History

United States
- Name: USS Margaret Anderson
- Namesake: Previous name retained
- Builder: Harrison Lewis
- Completed: 1907
- Acquired: 15 June 1917
- Commissioned: 16 August 1917
- Fate: Returned to owners 31 December 1917 or in 1918
- Notes: Operated as private motorboat Margaret Anderson 1907-1917 and from 1918

General characteristics
- Type: Patrol vessel
- Tonnage: 5 Gross register tons
- Length: 36 ft (11 m)
- Beam: 11 ft (3.4 m)
- Draft: 3 ft 3 in (0.99 m) mean
- Speed: 8 knots
- Complement: 8
- Armament: 1 × 1-pounder gun

= USS Margaret Anderson =

Patrol vessel of the United States Navy

USS Margaret Anderson (SP-1203) was a United States Navy patrol vessel in commission from August to December 1917.

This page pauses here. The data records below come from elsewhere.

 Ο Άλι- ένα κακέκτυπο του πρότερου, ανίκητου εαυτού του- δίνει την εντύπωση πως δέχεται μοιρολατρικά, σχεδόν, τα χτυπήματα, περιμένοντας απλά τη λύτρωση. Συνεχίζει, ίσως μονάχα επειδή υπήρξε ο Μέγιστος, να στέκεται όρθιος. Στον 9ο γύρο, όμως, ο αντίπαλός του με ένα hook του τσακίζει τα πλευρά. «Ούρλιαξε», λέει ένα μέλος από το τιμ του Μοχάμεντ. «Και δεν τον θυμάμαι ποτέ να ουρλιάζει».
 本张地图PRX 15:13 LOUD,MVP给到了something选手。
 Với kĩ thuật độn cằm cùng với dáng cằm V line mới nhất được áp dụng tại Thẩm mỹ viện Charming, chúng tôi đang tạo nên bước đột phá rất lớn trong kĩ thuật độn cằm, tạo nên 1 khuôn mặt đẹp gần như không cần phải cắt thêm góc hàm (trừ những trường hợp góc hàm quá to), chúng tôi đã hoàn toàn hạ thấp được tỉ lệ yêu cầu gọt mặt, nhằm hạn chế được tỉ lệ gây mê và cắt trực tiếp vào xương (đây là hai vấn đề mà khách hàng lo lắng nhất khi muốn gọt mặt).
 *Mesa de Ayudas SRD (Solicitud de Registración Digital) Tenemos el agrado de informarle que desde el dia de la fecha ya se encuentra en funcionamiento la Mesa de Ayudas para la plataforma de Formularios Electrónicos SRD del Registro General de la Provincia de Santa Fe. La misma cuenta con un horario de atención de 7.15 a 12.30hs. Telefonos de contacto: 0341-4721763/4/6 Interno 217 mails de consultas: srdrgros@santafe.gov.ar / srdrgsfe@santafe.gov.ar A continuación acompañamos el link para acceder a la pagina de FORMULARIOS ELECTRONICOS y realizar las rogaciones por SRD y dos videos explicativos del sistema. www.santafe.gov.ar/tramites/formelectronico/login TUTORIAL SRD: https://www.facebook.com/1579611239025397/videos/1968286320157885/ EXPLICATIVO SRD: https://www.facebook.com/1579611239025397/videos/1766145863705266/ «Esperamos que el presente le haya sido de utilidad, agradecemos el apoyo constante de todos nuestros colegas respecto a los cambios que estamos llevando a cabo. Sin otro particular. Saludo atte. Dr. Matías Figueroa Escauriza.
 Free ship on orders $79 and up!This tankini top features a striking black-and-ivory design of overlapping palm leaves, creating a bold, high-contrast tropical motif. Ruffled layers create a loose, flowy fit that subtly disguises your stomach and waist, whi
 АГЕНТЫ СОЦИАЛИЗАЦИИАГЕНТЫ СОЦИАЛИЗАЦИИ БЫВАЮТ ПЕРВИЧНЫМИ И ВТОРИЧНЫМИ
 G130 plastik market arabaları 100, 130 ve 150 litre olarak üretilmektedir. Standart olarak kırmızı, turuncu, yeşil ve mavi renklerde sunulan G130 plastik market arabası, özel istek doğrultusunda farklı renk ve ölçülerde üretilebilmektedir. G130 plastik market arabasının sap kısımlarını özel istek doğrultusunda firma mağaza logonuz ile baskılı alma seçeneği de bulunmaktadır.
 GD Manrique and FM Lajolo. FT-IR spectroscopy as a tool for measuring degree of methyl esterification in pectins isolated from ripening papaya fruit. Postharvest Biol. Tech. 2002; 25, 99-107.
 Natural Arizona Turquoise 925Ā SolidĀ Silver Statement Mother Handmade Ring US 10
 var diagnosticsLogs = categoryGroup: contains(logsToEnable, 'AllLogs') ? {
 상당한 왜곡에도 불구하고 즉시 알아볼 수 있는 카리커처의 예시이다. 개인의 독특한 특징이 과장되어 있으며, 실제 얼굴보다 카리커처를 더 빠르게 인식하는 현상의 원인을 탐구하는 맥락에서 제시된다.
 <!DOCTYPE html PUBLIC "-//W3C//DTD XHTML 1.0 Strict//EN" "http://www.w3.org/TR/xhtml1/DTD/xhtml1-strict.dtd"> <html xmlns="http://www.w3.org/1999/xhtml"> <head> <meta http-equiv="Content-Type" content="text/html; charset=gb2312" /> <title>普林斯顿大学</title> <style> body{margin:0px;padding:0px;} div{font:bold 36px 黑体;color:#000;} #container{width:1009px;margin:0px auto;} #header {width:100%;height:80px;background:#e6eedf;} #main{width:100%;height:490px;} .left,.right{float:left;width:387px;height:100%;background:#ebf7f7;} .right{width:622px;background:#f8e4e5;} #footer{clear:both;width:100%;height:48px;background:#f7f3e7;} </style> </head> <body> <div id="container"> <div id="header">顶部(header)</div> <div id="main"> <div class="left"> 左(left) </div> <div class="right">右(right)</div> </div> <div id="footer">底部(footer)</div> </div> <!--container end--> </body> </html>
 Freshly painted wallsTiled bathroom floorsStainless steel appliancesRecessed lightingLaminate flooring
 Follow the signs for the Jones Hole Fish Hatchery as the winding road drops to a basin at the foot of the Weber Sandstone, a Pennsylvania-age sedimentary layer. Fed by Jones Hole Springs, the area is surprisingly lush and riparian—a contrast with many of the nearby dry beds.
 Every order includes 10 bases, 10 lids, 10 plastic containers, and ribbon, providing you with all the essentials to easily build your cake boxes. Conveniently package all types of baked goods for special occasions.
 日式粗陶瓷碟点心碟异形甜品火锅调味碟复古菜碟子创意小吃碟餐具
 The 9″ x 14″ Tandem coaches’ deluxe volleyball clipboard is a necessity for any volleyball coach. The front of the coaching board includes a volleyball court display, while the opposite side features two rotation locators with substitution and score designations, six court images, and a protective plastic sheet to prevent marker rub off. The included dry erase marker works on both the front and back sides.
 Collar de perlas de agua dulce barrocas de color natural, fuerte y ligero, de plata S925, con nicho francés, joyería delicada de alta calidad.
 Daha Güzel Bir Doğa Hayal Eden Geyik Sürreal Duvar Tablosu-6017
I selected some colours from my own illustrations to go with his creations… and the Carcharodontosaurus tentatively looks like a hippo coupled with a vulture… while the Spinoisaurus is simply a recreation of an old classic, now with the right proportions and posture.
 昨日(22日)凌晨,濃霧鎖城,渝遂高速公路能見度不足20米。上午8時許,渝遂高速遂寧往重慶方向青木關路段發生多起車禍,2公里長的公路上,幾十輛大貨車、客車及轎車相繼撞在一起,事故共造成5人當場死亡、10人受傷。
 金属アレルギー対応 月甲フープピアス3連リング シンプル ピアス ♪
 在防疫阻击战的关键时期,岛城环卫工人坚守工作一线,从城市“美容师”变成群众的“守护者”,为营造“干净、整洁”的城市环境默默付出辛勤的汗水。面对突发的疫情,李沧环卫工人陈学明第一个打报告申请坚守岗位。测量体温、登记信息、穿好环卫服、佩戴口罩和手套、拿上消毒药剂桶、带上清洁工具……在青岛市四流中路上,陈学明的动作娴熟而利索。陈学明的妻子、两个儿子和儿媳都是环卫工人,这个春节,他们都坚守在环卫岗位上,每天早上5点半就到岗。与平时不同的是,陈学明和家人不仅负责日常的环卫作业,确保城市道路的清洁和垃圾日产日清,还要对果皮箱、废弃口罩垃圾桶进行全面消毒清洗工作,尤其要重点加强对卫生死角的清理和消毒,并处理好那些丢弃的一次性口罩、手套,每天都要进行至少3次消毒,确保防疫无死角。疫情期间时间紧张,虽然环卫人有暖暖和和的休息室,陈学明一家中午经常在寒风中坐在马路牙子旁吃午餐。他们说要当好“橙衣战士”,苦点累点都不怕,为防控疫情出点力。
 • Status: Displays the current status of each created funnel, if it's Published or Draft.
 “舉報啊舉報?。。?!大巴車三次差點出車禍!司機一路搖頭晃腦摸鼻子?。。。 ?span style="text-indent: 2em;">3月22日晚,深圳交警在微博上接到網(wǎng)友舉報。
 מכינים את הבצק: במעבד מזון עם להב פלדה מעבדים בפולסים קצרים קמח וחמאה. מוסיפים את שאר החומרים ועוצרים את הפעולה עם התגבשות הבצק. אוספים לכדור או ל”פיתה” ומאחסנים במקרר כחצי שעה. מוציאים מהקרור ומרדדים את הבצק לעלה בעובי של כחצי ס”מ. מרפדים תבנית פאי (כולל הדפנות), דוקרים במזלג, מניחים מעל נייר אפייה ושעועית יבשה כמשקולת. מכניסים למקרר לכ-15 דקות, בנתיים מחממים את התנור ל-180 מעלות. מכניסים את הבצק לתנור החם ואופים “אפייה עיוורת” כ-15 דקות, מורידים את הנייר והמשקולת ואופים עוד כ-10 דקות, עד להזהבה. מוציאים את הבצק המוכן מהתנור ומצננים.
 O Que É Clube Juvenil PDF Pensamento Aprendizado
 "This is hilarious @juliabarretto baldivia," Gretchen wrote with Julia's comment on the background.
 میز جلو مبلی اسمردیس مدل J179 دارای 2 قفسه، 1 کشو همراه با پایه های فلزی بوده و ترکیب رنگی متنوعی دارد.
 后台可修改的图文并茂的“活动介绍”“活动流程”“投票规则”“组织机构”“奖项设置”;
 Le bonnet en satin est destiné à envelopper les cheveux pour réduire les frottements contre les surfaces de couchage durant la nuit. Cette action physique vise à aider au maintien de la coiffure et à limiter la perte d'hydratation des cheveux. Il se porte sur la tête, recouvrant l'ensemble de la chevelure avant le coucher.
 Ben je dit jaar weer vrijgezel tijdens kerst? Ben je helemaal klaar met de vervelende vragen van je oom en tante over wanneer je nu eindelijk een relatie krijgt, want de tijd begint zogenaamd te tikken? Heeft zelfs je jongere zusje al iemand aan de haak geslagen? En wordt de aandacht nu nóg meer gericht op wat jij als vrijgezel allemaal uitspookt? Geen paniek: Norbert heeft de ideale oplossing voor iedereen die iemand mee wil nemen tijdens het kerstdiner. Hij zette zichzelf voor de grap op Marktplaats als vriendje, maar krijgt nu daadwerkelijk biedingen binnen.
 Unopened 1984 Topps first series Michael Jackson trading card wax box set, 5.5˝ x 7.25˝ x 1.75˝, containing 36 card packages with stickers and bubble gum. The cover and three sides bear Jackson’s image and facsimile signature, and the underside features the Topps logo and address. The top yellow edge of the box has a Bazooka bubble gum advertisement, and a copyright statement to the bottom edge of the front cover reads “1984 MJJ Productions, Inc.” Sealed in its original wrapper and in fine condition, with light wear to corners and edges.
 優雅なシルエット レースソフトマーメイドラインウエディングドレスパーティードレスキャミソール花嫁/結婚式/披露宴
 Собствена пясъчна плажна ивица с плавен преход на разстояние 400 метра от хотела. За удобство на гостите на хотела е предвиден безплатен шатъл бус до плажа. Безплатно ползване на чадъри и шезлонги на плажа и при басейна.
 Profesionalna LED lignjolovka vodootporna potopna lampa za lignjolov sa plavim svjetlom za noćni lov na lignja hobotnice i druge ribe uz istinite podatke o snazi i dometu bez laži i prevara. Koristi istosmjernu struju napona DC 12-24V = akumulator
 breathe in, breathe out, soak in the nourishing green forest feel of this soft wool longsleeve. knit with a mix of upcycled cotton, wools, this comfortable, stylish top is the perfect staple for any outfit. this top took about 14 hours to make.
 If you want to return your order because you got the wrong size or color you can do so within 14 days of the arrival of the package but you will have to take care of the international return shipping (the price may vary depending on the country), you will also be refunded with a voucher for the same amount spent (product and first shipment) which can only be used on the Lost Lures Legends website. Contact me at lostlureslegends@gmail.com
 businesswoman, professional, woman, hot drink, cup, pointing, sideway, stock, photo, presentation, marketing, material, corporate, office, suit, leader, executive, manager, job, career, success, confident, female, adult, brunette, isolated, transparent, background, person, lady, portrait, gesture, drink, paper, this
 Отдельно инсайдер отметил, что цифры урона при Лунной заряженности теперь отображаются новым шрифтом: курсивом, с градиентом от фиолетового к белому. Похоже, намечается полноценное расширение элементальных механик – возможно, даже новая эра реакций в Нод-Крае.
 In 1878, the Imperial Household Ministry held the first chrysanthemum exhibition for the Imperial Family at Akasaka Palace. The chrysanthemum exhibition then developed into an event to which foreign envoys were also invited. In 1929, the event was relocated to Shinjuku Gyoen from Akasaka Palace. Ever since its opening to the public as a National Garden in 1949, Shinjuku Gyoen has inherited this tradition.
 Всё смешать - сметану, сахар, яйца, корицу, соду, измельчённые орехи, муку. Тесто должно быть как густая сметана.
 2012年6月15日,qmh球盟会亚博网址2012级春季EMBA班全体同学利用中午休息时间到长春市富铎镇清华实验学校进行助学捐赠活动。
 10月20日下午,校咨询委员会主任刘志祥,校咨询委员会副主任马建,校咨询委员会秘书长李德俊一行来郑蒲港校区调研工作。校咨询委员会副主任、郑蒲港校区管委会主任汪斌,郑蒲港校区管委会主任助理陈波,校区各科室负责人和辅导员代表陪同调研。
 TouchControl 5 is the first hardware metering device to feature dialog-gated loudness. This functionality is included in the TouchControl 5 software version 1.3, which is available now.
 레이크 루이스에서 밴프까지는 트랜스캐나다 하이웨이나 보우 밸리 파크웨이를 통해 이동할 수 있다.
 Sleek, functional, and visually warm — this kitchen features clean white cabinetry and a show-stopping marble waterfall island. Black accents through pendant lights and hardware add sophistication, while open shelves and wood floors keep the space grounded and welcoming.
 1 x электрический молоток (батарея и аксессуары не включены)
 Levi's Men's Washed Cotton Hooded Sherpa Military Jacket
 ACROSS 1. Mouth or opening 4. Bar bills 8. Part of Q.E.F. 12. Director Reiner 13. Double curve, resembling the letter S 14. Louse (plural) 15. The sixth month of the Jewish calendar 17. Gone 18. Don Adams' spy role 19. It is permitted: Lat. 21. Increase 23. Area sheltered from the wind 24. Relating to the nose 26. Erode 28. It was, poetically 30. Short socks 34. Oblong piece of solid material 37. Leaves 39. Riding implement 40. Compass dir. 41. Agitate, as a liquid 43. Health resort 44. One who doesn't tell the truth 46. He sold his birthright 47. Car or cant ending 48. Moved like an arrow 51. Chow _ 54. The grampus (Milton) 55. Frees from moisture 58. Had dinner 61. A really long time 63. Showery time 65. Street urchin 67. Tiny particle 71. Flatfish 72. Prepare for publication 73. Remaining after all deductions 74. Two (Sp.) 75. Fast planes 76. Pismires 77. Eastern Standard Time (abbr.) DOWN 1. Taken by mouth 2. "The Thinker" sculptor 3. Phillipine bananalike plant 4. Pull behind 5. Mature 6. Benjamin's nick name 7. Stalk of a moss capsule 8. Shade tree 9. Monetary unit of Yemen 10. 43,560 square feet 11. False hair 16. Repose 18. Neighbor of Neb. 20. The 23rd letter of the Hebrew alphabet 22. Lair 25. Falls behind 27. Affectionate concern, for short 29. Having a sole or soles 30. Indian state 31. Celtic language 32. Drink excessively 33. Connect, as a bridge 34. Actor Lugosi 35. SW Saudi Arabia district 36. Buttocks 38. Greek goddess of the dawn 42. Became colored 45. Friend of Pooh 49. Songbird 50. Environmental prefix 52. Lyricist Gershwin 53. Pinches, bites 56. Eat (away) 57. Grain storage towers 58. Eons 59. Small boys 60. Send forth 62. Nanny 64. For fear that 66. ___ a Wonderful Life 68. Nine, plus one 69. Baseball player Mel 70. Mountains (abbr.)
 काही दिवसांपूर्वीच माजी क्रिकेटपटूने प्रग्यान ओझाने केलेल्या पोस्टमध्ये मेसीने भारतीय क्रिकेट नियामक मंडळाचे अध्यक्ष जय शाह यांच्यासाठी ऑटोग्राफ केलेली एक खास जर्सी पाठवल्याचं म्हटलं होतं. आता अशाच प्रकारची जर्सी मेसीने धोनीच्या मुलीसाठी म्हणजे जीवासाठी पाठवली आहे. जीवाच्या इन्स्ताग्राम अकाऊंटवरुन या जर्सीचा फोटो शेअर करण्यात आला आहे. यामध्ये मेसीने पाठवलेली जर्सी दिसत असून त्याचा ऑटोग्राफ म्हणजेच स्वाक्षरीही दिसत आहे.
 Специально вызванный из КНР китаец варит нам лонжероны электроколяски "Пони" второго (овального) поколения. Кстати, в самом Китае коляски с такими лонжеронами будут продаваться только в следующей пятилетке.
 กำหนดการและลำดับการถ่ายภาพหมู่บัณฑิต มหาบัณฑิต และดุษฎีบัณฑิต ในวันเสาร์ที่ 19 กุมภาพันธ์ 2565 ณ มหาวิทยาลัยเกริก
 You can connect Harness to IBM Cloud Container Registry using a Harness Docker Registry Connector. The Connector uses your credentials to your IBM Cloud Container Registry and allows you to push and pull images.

Margaret Anderson was built as a private motorboat of the same name in 1907 by Harrison Lewis. On 15 June 1917, the U.S. Navy acquired her from her owners, W. B. Anderson and N. F. Bonniville, for use as a section patrol boat during World War I. She was commissioned as USS Margaret Anderson (SP-1203) on 16 August 1917.

Assigned to the 5th Naval District and based at Oyster, Virginia, Margaret Anderson served on section patrol duties until at least the end of 1917. She was returned to her owners either on 31 December 1917 or sometime in 1918.